In Baltimore, two years ago, there was almost a revolution. The riot on Apr. 27, 2015 was preceded by weeks of peaceful protests, where residents took to the streets, primarily in Baltimore’s poorest and most deeply segregated neighborhoods. In Sandtown, where Freddie Gray was arrested, residents referred to the police as an occupying army, a reality symbolized by the barricades placed around the Western District station, where officers in riot gear lined up with sticks and shields.

On Saturday, Apr. 25, the barricades broke out of Sandtown and came to the tourists. Fights broke out between protesters and sports fans drinking at bars outside of Camden Yards. A racist slur, a thrown beer, and suddenly it was chaos as punches, bottles and chairs were thrown. Kids took orange traffic cones and smashed out the windows of a police car, reaching inside, taking an officer’s hat, and wearing it.

Later that night, the police had revenge, away from the cameras—most of them, anyway.

When a line of riot cops wanted to snatch up a guy who had been yelling and shadow-boxing in front of them, they also beat on Baltimore City Paper photographer J.M. Giordano and arrested a Reuters photographer. Giordano got the shot as they dragged him across the ground: They were beating the shadow boxer with a billy club.

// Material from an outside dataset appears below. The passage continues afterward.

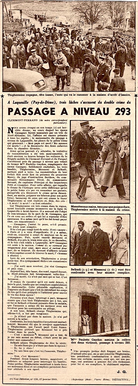 La reconstitution judiciaire du double assassinat se déroulait à La Cluze au cours de la matinée du 5 avril 1949 ; en présence de plus de 300 spectateurs, TIGHERMINE accusait MOUSSAOUI du crime tandis qu'il serait resté dehors à faire le guet, version contestée par ses complices. Les trois suspects étaient mis en accusation et renvoyés devant la Cour d'assises du Puy-de-Dôme par un arrêt rendu le 31 mai 1949.

As the sun rose the next morning, National Guard trucks rolled into town as a weeklong curfew set in. For the next several nights, authorities tried to confine reporters to a pen in a corner near the protests.

These moments seem to prefigure our new reality now. If there was almost a revolution, Trump is the backlash. He did not create violent cops or angry sports fans—they created him. And instead of reigning in individual local cops, he wants to give them free reign. His policies will likely increase the dire poverty and segregation that account for so much crime. It’s hard to imagine another uprising where people do not die.

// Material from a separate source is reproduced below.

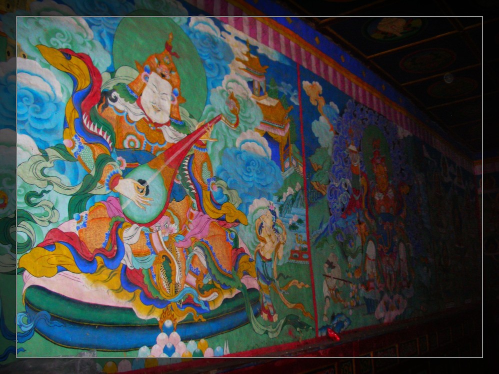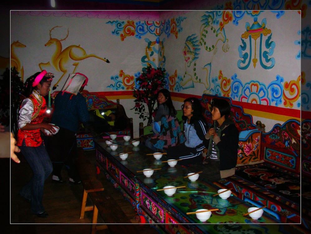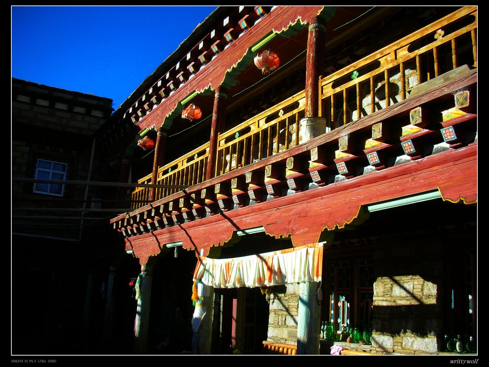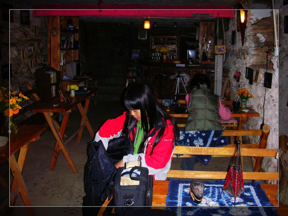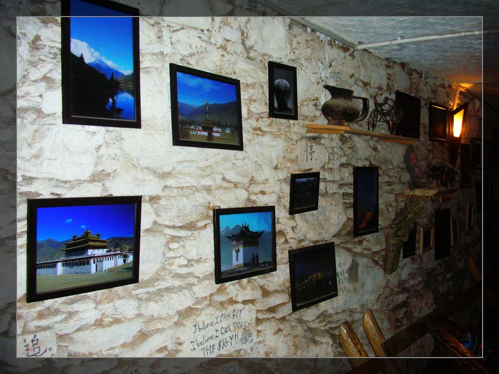 客栈的地下是一个酒吧,老板是一位摄影爱好者,辞了工作来到这里开酒吧就是为了有时间在藏区搞创作,墙上挂满了老板自己的作品,这是一位对生活很洒脱的女人。我很羡慕,但是没有勇气去追自己的梦。

The patterns or practice report issued by the DOJ in August of 2016 was scathing, finding that the department regularly violated the civil rights of citizens, made unlawful stops and used excessive force. Mid-level commanders, brought up on the drug-war policies favored by Sessions, were noted as the worst offenders.

Still, it seems Sessions will gut the DOJ’s Civil Rights Division. Trump’s budget calls to cut the agency’s budget by more than $1 billion, and many expect much of that to come from civil rights enforcement.

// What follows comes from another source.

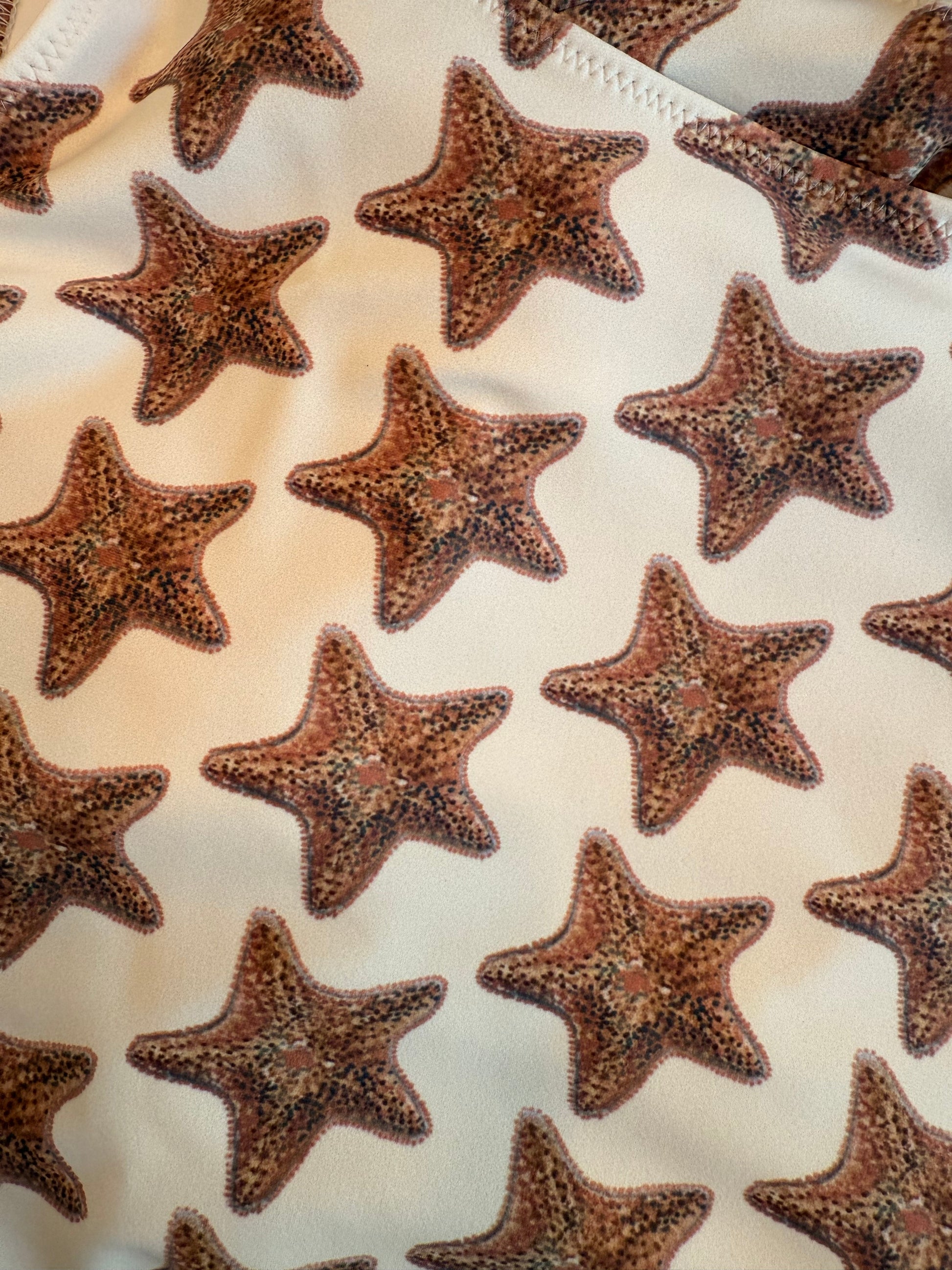 Made to order watercolour cushion starfish swimsuit. Cushion starfish on a lemon background with whits stitching ⭐️

Baltimore is the 14th Obama-era consent decree to go through—and it may be the last. And there’s still the danger that the Feds won’t sue for violations of the agreement.

It’s hard enough to win reform with people in the streets and a strong civil rights division in the DOJ. Without that, the police union and the law-and-order rhetoric of the president could be the loudest voices in a commissioner’s ear.